* ENTRIES SHOWN:
· · · · · · ·

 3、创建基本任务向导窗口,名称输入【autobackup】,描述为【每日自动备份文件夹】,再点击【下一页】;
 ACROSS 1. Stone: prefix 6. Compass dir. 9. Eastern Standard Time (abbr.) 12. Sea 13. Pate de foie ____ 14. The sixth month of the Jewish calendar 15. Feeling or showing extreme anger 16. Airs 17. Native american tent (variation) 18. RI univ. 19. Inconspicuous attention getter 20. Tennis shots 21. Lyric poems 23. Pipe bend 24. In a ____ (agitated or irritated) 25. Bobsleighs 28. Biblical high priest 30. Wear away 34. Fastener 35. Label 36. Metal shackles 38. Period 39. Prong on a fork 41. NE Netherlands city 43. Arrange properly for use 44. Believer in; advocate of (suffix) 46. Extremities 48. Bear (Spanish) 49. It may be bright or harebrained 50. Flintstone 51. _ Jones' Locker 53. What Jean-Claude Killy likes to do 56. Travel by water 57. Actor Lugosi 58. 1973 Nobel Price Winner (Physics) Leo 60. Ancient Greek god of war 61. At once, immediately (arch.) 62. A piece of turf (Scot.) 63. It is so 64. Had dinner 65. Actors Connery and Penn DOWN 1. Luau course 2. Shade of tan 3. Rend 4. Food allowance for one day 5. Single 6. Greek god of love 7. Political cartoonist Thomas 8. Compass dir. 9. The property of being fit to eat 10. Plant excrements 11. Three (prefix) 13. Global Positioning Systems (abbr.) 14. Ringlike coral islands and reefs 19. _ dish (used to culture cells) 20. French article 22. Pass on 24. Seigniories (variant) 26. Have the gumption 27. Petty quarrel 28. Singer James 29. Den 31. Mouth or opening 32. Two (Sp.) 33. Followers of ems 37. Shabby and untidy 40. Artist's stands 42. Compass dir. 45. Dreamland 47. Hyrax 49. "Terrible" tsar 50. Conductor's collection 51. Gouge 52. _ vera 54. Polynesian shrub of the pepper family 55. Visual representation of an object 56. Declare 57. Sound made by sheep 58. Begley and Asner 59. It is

· · · · · · ·

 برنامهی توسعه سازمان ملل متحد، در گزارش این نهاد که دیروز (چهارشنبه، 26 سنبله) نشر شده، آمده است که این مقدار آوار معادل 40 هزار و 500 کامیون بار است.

· · · · · · ·

* TO DO: For this exercise, output exactly the lines above from the line with "3、创建基本任务向导窗口,名" to the line with "ACROSS 1. Stone: prefix", counting both, and leave out the rest.

* YOUR RESPONSE:
 3、创建基本任务向导窗口,名称输入【autobackup】,描述为【每日自动备份文件夹】,再点击【下一页】;
 ACROSS 1. Stone: prefix 6. Compass dir. 9. Eastern Standard Time (abbr.) 12. Sea 13. Pate de foie ____ 14. The sixth month of the Jewish calendar 15. Feeling or showing extreme anger 16. Airs 17. Native american tent (variation) 18. RI univ. 19. Inconspicuous attention getter 20. Tennis shots 21. Lyric poems 23. Pipe bend 24. In a ____ (agitated or irritated) 25. Bobsleighs 28. Biblical high priest 30. Wear away 34. Fastener 35. Label 36. Metal shackles 38. Period 39. Prong on a fork 41. NE Netherlands city 43. Arrange properly for use 44. Believer in; advocate of (suffix) 46. Extremities 48. Bear (Spanish) 49. It may be bright or harebrained 50. Flintstone 51. _ Jones' Locker 53. What Jean-Claude Killy likes to do 56. Travel by water 57. Actor Lugosi 58. 1973 Nobel Price Winner (Physics) Leo 60. Ancient Greek god of war 61. At once, immediately (arch.) 62. A piece of turf (Scot.) 63. It is so 64. Had dinner 65. Actors Connery and Penn DOWN 1. Luau course 2. Shade of tan 3. Rend 4. Food allowance for one day 5. Single 6. Greek god of love 7. Political cartoonist Thomas 8. Compass dir. 9. The property of being fit to eat 10. Plant excrements 11. Three (prefix) 13. Global Positioning Systems (abbr.) 14. Ringlike coral islands and reefs 19. _ dish (used to culture cells) 20. French article 22. Pass on 24. Seigniories (variant) 26. Have the gumption 27. Petty quarrel 28. Singer James 29. Den 31. Mouth or opening 32. Two (Sp.) 33. Followers of ems 37. Shabby and untidy 40. Artist's stands 42. Compass dir. 45. Dreamland 47. Hyrax 49. "Terrible" tsar 50. Conductor's collection 51. Gouge 52. _ vera 54. Polynesian shrub of the pepper family 55. Visual representation of an object 56. Declare 57. Sound made by sheep 58. Begley and Asner 59. It is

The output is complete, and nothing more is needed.